▶ _What is being asked_
Before copying, remove every picture, and then repeat all entries below precisely as written.
(Records for the exercise)
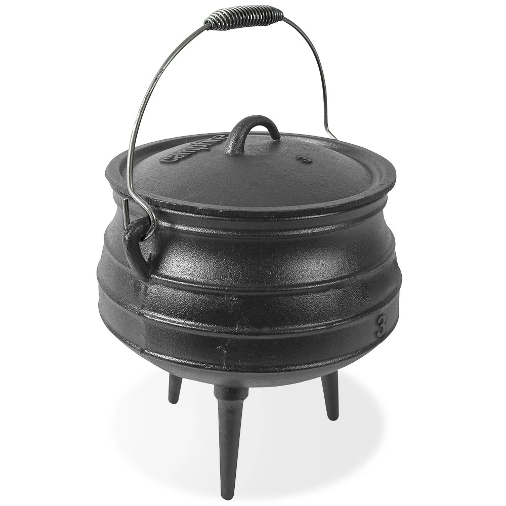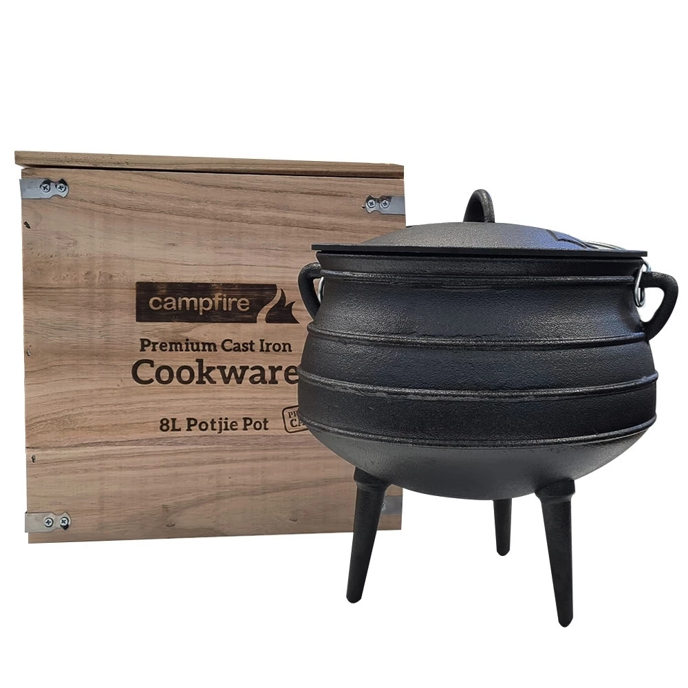 Cook up a creative feast on your camping adventures in the Cast Iron Potjie Pot from Campfire.
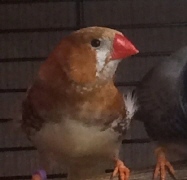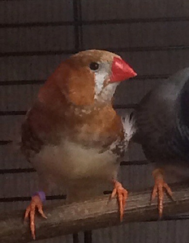 Кешью - крупный черногрудый оранжевогрудый самец палевый изабель (сиреневое кольцо на правой лапке):
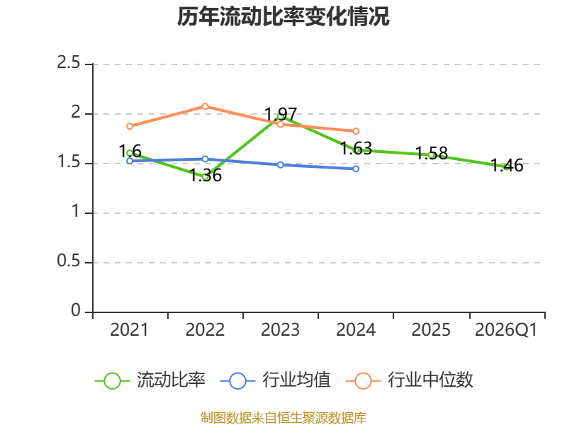 2026年第一季度,公司流动比率为1.46,速动比率为1.18。
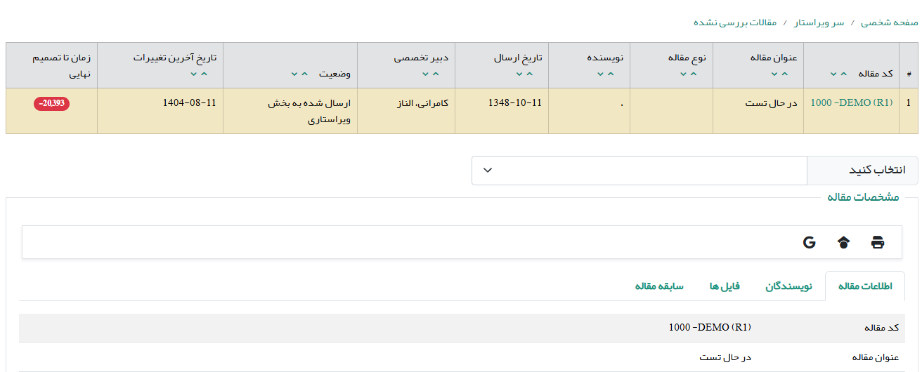 سرویراستار پس از ورود به سامانه و انتخاب نقش سرویراستار وارد صفحه اختصاصی خود میشود. چنانچه سردبیر مقاله جدیدی را برای بخش ویراستاری و سرویراستار ارسال کرده باشد، مقاله در بخش مقالات بررسی نشده قابلمشاهده خواهد بود.
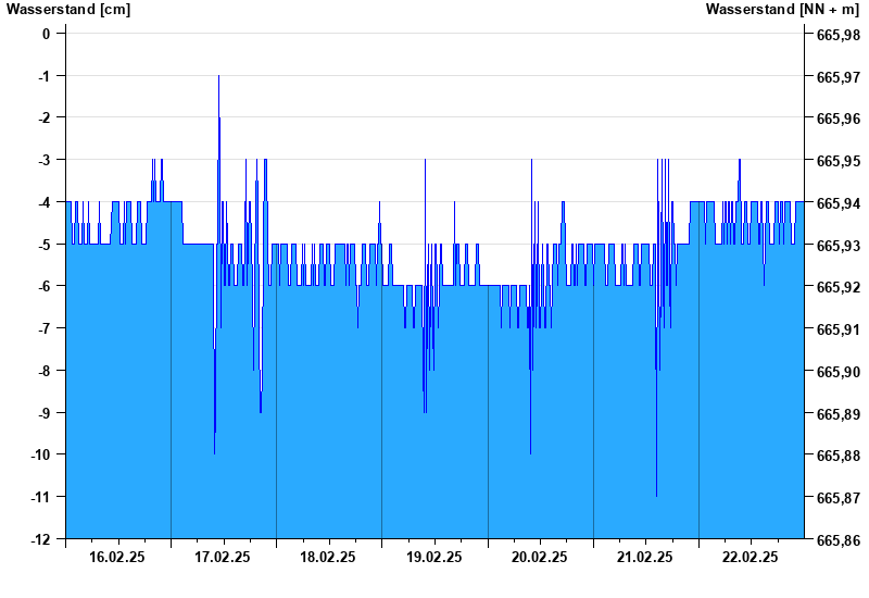 Messwerte beeinflusst durch Kraftwerkssteuerung und Kiesumlagerungen. Kiesanlandungen können bei Niedrigwasser Trockenlegung der Messinstrumente bewirken.
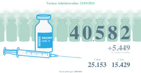 Até este domingo, dia 21 de março, foram administradas na Região 40.582 vacinas contra a covid-19, desde o dia 31 de dezembro de 2020.
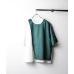 tシャツ 「Eclat one」アシンメトリー 切り替えデザイン 異素材ドッキング カットソー レディース
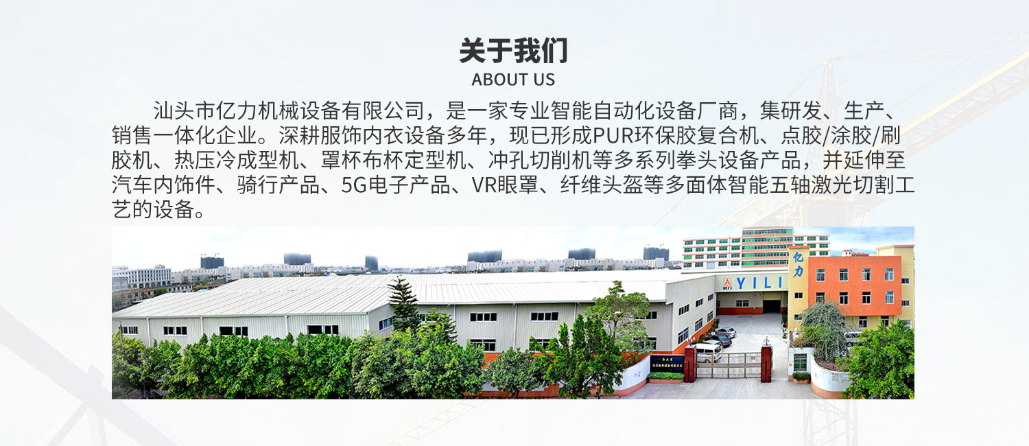 汕頭市億力機械設備有限公司是一家集研發、生產銷售于一體的專業性面料貼合機械、胸圍模杯機械、無縫工藝鞋面機械、口罩生產線和焊耳帶機械企業。
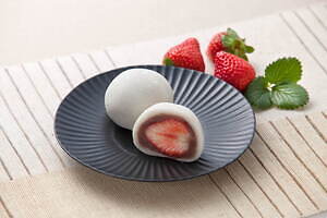 たとえば、文政元年創業の老舗「榮太樓總本鋪」からは、いちごを丸々一粒使った「いちご大福」が登場。すっきりとした半小豆餡と歯切れの良い餅で、真っ赤な完熟とちおとめを包み込んだ、こだわりの一品となっている。
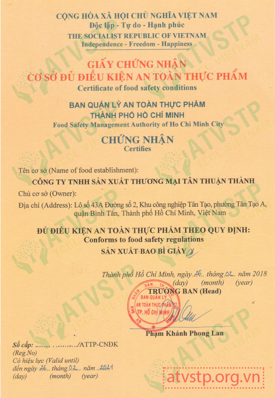 Dịch vụ giấy phép vệ sinh an toàn thực phẩm
(End Records for the exercise)
▶ _Your solution_
 Cook up a creative feast on your camping adventures in the Cast Iron Potjie Pot from Campfire.
 Кешью - крупный черногрудый оранжевогрудый самец палевый изабель (сиреневое кольцо на правой лапке):
 2026年第一季度,公司流动比率为1.46,速动比率为1.18。
 سرویراستار پس از ورود به سامانه و انتخاب نقش سرویراستار وارد صفحه اختصاصی خود میشود. چنانچه سردبیر مقاله جدیدی را برای بخش ویراستاری و سرویراستار ارسال کرده باشد، مقاله در بخش مقالات بررسی نشده قابلمشاهده خواهد بود.
 Messwerte beeinflusst durch Kraftwerkssteuerung und Kiesumlagerungen. Kiesanlandungen können bei Niedrigwasser Trockenlegung der Messinstrumente bewirken.
 Até este domingo, dia 21 de março, foram administradas na Região 40.582 vacinas contra a covid-19, desde o dia 31 de dezembro de 2020.
 tシャツ 「Eclat one」アシンメトリー 切り替えデザイン 異素材ドッキング カットソー レディース
 汕頭市億力機械設備有限公司是一家集研發、生產銷售于一體的專業性面料貼合機械、胸圍模杯機械、無縫工藝鞋面機械、口罩生產線和焊耳帶機械企業。
 たとえば、文政元年創業の老舗「榮太樓總本鋪」からは、いちごを丸々一粒使った「いちご大福」が登場。すっきりとした半小豆餡と歯切れの良い餅で、真っ赤な完熟とちおとめを包み込んだ、こだわりの一品となっている。
 Dịch vụ giấy phép vệ sinh an toàn thực phẩm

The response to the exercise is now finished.